All entries are to be quoted exactly; the images stay out of the copy.

* * *

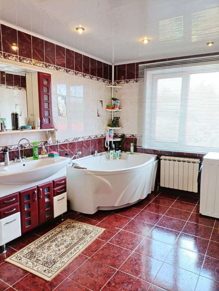 Продается теплый, светлый, уютный дом с продуманной и практичной планировкой. В доме: - шесть жилых комнат, - четыре санузла, - две кухни (одна в доме и одна летняя на террасе), - мансардный этаж, который используется как зона отдыха с профессиональным бильярдным столом. На участке есть гараж на три автомобиля, боксы для ремонта автомобилей, хозяйственные постройки, фруктовый сад, прекрасная лужайка с газонной травой, мангальная зона, летний туалет, летний душ, глубокий и вместительный погреб для хранения продуктов с перекрытием в 0,5 метра, баня, бассейн и терраса. Три выхода из дома: - парадный, - в гараж, - на террасу. Установлены камеры видеонаблюдения участка и прилегающей к дому территории. Один взрослый собственник. В собственности более пяти лет. Вся сумма в договоре.
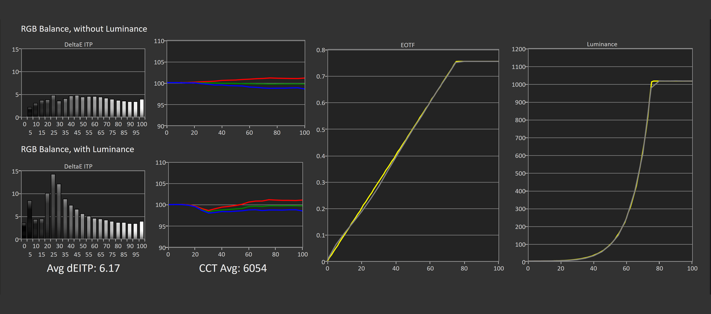 Accuracy in the 1000 nit mode is great, with nice tracking though roll-off occurs a little too early when testing at a 10% APL. Still, the most important part of the luminance curve to get right is the lower part, which most content uses the heaviest, and here the MSI model has excellent tracking, as seen in the dark tracking charts. When testing at a 2% window size instead of 10%, we see brightness now reaches 1000 nits, and accuracy is very good here, even better than at 10%. This suggests to me that MSI focused their efforts on calibration at 2% compared to 10%; the reverse is true for the competing Asus model where 10% APL accuracy is better than 2%.
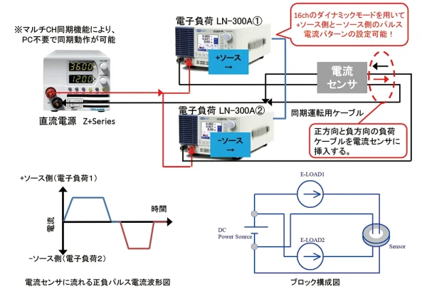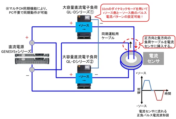 車載用の大電流検出用電流センサには、短時間でのダイナミックな電流変動に対応する応答性が求められます。評価には双方向性が必要ですが、高速バイポーラ電源では対応が難しい。そこで、汎用の直流電源と同期運転可能な大電流電子負荷を2台用いることで、正負の大電流パルスを再現可能となり、PC不要で同期動作が可能となります。これにより、大電流センサの評価が実現できます。
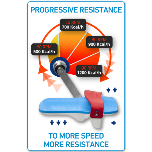 Su estructura con componentes axiales del mismo material, pedales con tratamiento antibactericida y base de 65mm proporciona una combinación óptima de durabilidad y estabilidad. Los sistemas de regulación vertical en sillín y manillar permiten una adaptación biomecánica precisa.
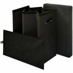 DUNEDESIGN Panier A Linge 3 Compartiment – 84L Trieur De Linge Avec Couvercle – Bac A Linge – Grau
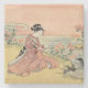 Woman picking chrysanthemums along the banks of a stream. Vintage Japanese print by Suzuki Harunobu.
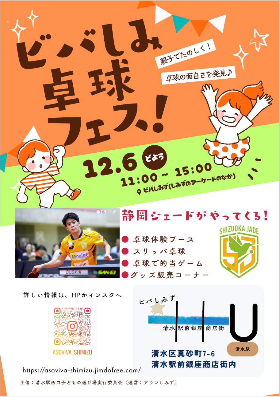 【静岡ジェード】12/6(土)ビバしみ卓球フェス開催のお知らせ

* * *

* TASK RESPONSE
 Продается теплый, светлый, уютный дом с продуманной и практичной планировкой. В доме: - шесть жилых комнат, - четыре санузла, - две кухни (одна в доме и одна летняя на террасе), - мансардный этаж, который используется как зона отдыха с профессиональным бильярдным столом. На участке есть гараж на три автомобиля, боксы для ремонта автомобилей, хозяйственные постройки, фруктовый сад, прекрасная лужайка с газонной травой, мангальная зона, летний туалет, летний душ, глубокий и вместительный погреб для хранения продуктов с перекрытием в 0,5 метра, баня, бассейн и терраса. Три выхода из дома: - парадный, - в гараж, - на террасу. Установлены камеры видеонаблюдения участка и прилегающей к дому территории. Один взрослый собственник. В собственности более пяти лет. Вся сумма в договоре.
 Accuracy in the 1000 nit mode is great, with nice tracking though roll-off occurs a little too early when testing at a 10% APL. Still, the most important part of the luminance curve to get right is the lower part, which most content uses the heaviest, and here the MSI model has excellent tracking, as seen in the dark tracking charts. When testing at a 2% window size instead of 10%, we see brightness now reaches 1000 nits, and accuracy is very good here, even better than at 10%. This suggests to me that MSI focused their efforts on calibration at 2% compared to 10%; the reverse is true for the competing Asus model where 10% APL accuracy is better than 2%.
 車載用の大電流検出用電流センサには、短時間でのダイナミックな電流変動に対応する応答性が求められます。評価には双方向性が必要ですが、高速バイポーラ電源では対応が難しい。そこで、汎用の直流電源と同期運転可能な大電流電子負荷を2台用いることで、正負の大電流パルスを再現可能となり、PC不要で同期動作が可能となります。これにより、大電流センサの評価が実現できます。
 Su estructura con componentes axiales del mismo material, pedales con tratamiento antibactericida y base de 65mm proporciona una combinación óptima de durabilidad y estabilidad. Los sistemas de regulación vertical en sillín y manillar permiten una adaptación biomecánica precisa.
 DUNEDESIGN Panier A Linge 3 Compartiment – 84L Trieur De Linge Avec Couvercle – Bac A Linge – Grau
 Woman picking chrysanthemums along the banks of a stream. Vintage Japanese print by Suzuki Harunobu.
 【静岡ジェード】12/6(土)ビバしみ卓球フェス開催のお知らせ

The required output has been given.